Try it - What are the lines below, starting at the line containing "11月10日,中共中央總書記" and ending at the line containing "Il modello veleggiatore"? Write them out exactly, ends included, without pictures.

Records for processing -
• • • • •
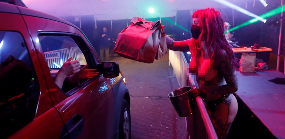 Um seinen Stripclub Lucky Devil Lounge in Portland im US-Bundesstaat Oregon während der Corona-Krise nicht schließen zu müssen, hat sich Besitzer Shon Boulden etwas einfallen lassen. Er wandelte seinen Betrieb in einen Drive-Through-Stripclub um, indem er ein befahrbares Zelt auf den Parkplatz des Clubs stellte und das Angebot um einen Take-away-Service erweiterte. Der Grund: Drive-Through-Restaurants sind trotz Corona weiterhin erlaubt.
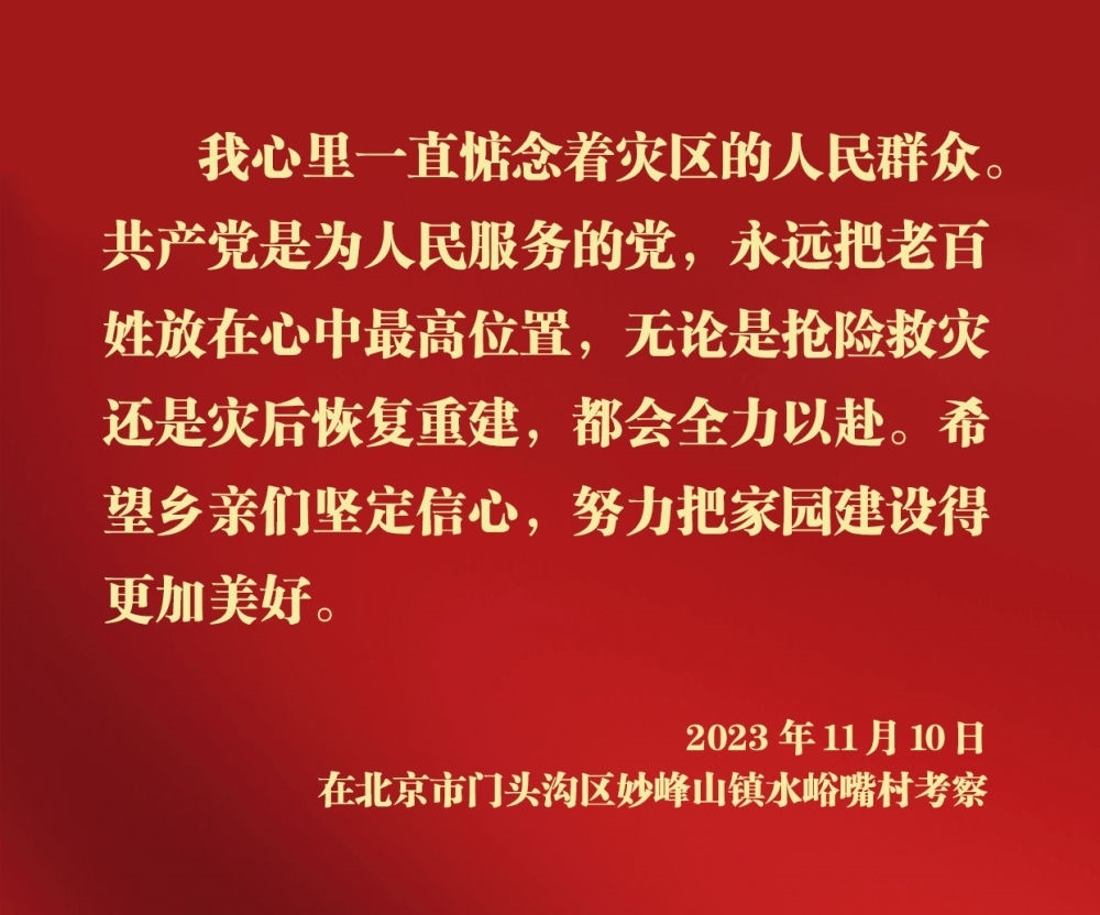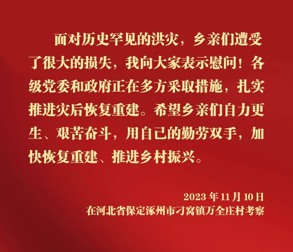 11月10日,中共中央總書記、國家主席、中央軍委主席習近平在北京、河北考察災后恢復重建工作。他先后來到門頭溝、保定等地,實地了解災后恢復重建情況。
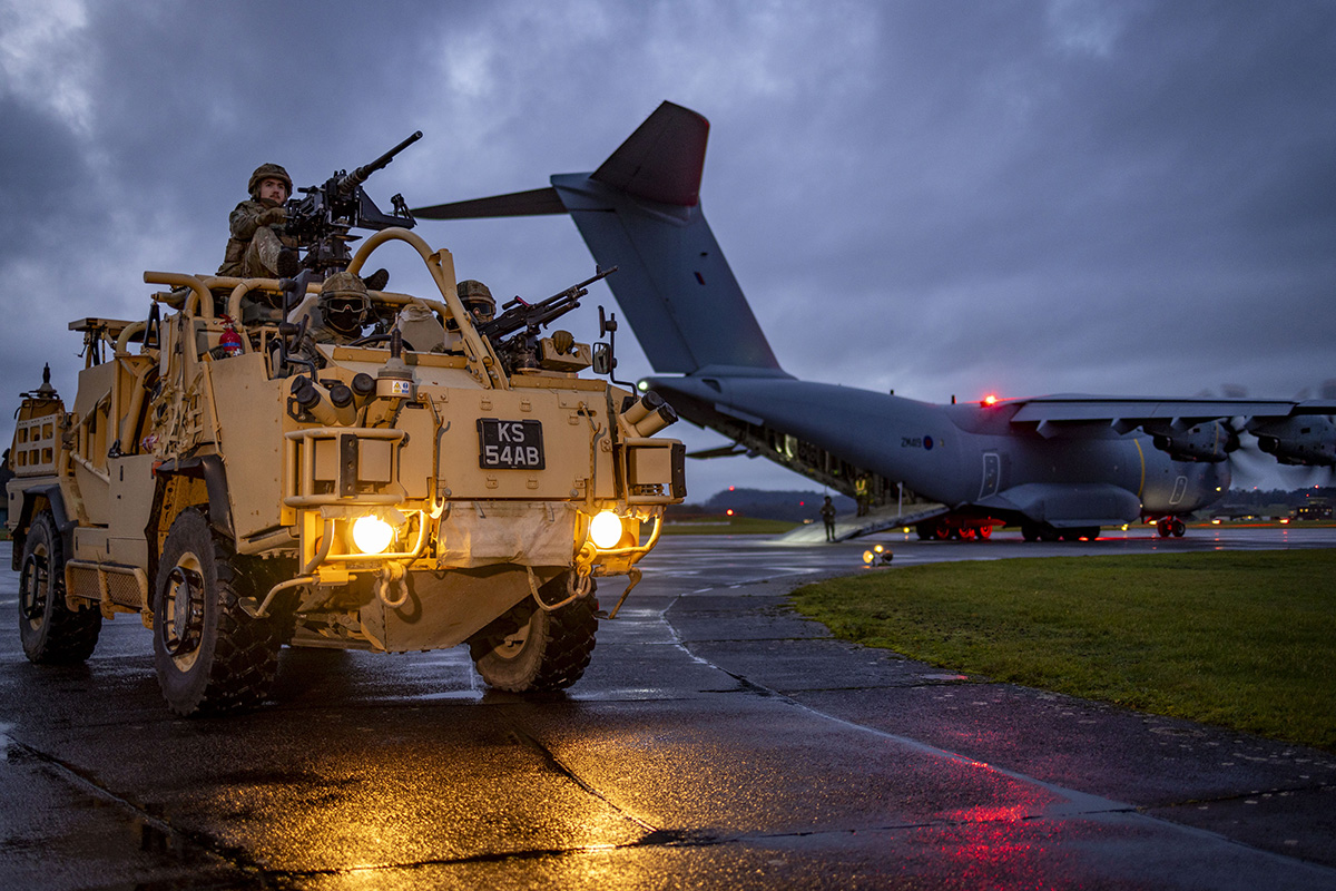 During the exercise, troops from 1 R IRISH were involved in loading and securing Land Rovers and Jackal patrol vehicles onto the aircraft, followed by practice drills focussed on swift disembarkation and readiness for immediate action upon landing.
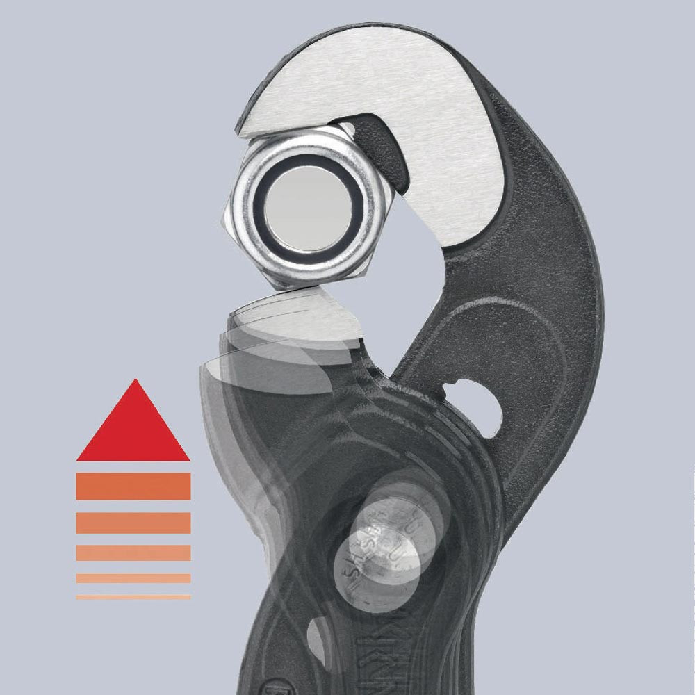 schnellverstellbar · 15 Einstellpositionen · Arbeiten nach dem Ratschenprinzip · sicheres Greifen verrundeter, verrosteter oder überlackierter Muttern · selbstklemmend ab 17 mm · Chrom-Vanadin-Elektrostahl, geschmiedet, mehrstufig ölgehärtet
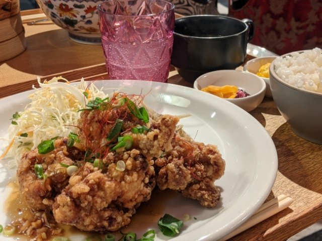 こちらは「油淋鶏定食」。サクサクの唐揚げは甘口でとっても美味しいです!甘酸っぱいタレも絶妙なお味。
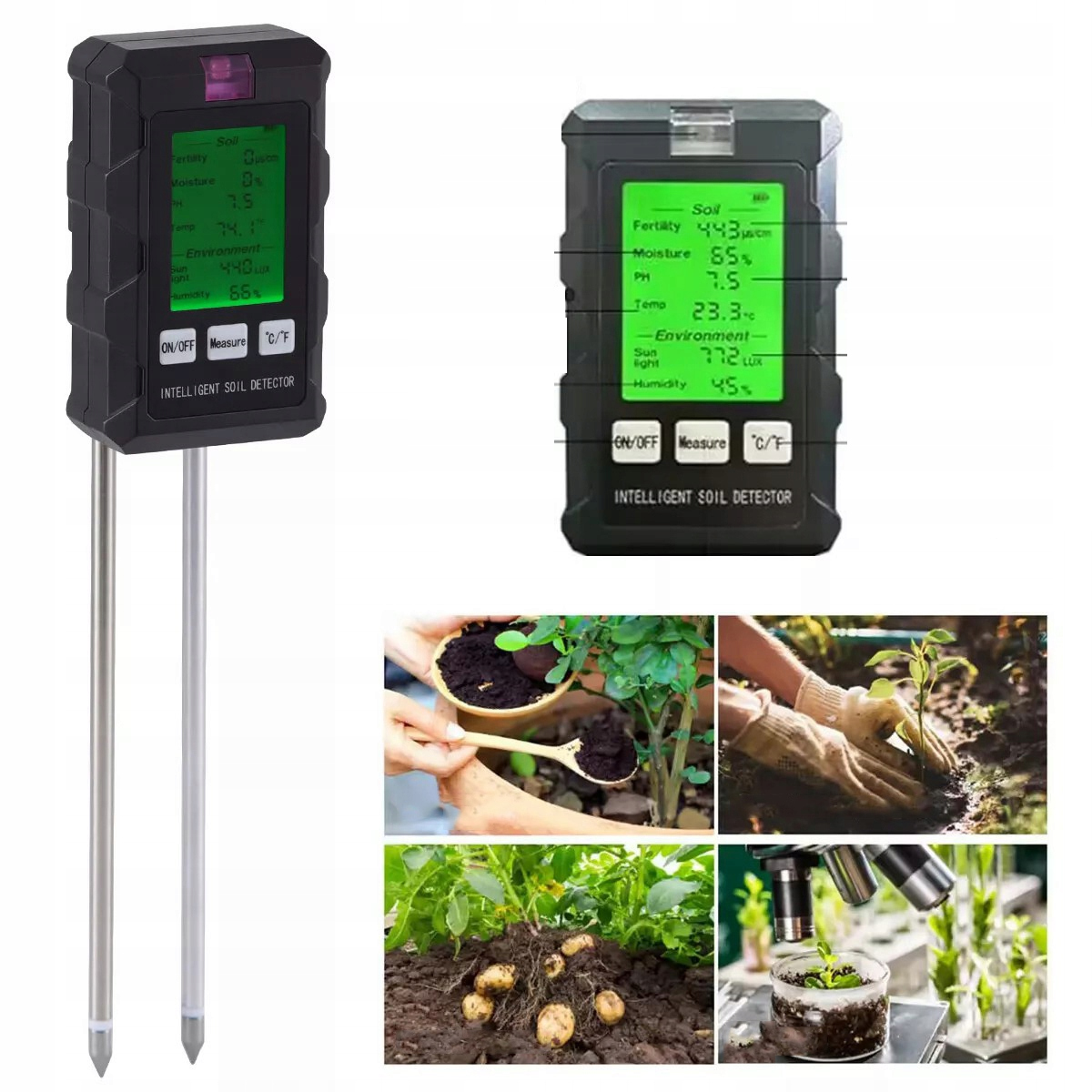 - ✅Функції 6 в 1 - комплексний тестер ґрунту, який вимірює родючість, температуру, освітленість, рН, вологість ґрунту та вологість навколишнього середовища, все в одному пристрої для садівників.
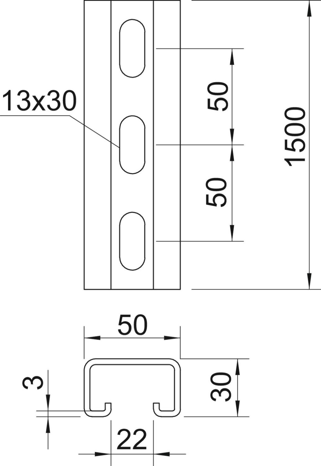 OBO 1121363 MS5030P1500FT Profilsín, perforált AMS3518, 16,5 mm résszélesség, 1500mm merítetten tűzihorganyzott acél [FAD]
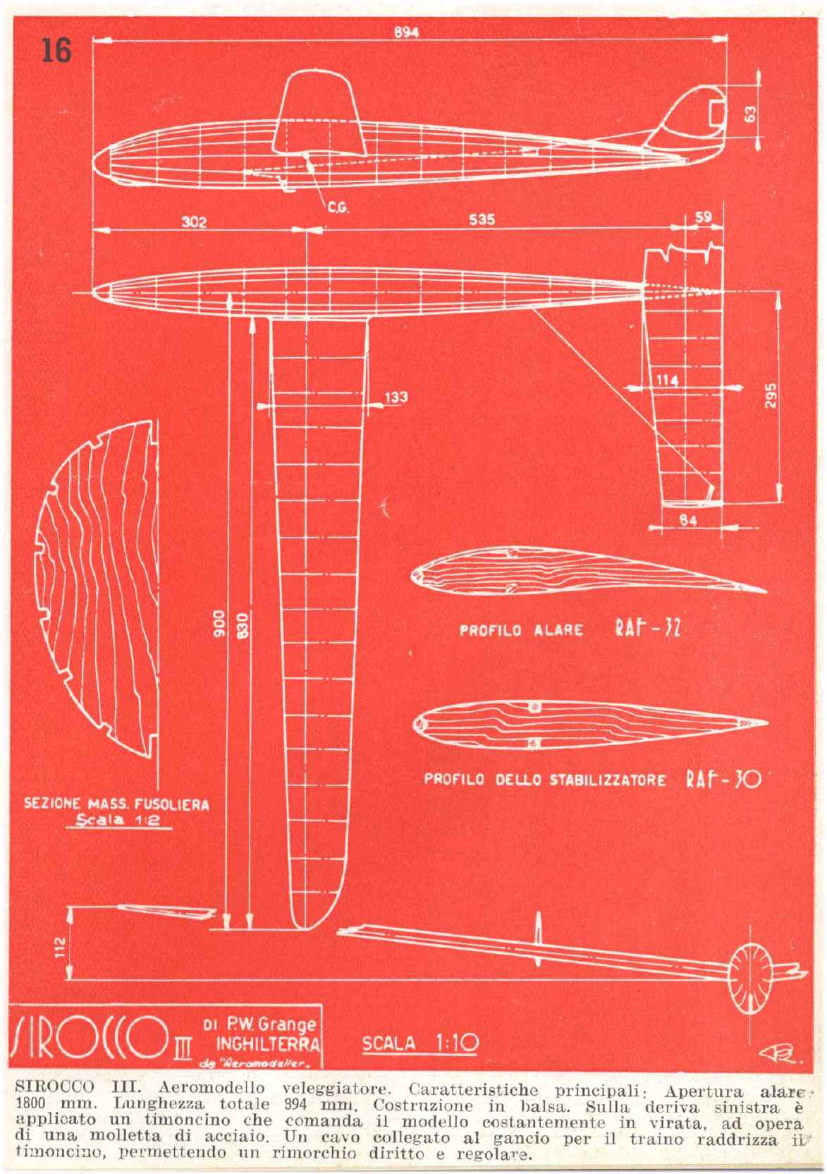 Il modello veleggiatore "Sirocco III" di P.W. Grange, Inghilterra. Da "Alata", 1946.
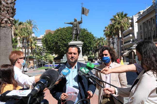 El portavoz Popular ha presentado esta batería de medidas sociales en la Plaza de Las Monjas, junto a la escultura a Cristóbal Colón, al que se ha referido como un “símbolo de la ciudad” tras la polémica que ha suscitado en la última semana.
• • • • •
Answer to this task -
 11月10日,中共中央總書記、國家主席、中央軍委主席習近平在北京、河北考察災后恢復重建工作。他先后來到門頭溝、保定等地,實地了解災后恢復重建情況。
 During the exercise, troops from 1 R IRISH were involved in loading and securing Land Rovers and Jackal patrol vehicles onto the aircraft, followed by practice drills focussed on swift disembarkation and readiness for immediate action upon landing.
 schnellverstellbar · 15 Einstellpositionen · Arbeiten nach dem Ratschenprinzip · sicheres Greifen verrundeter, verrosteter oder überlackierter Muttern · selbstklemmend ab 17 mm · Chrom-Vanadin-Elektrostahl, geschmiedet, mehrstufig ölgehärtet
 こちらは「油淋鶏定食」。サクサクの唐揚げは甘口でとっても美味しいです!甘酸っぱいタレも絶妙なお味。
 - ✅Функції 6 в 1 - комплексний тестер ґрунту, який вимірює родючість, температуру, освітленість, рН, вологість ґрунту та вологість навколишнього середовища, все в одному пристрої для садівників.
 OBO 1121363 MS5030P1500FT Profilsín, perforált AMS3518, 16,5 mm résszélesség, 1500mm merítetten tűzihorganyzott acél [FAD]
 Il modello veleggiatore "Sirocco III" di P.W. Grange, Inghilterra. Da "Alata", 1946.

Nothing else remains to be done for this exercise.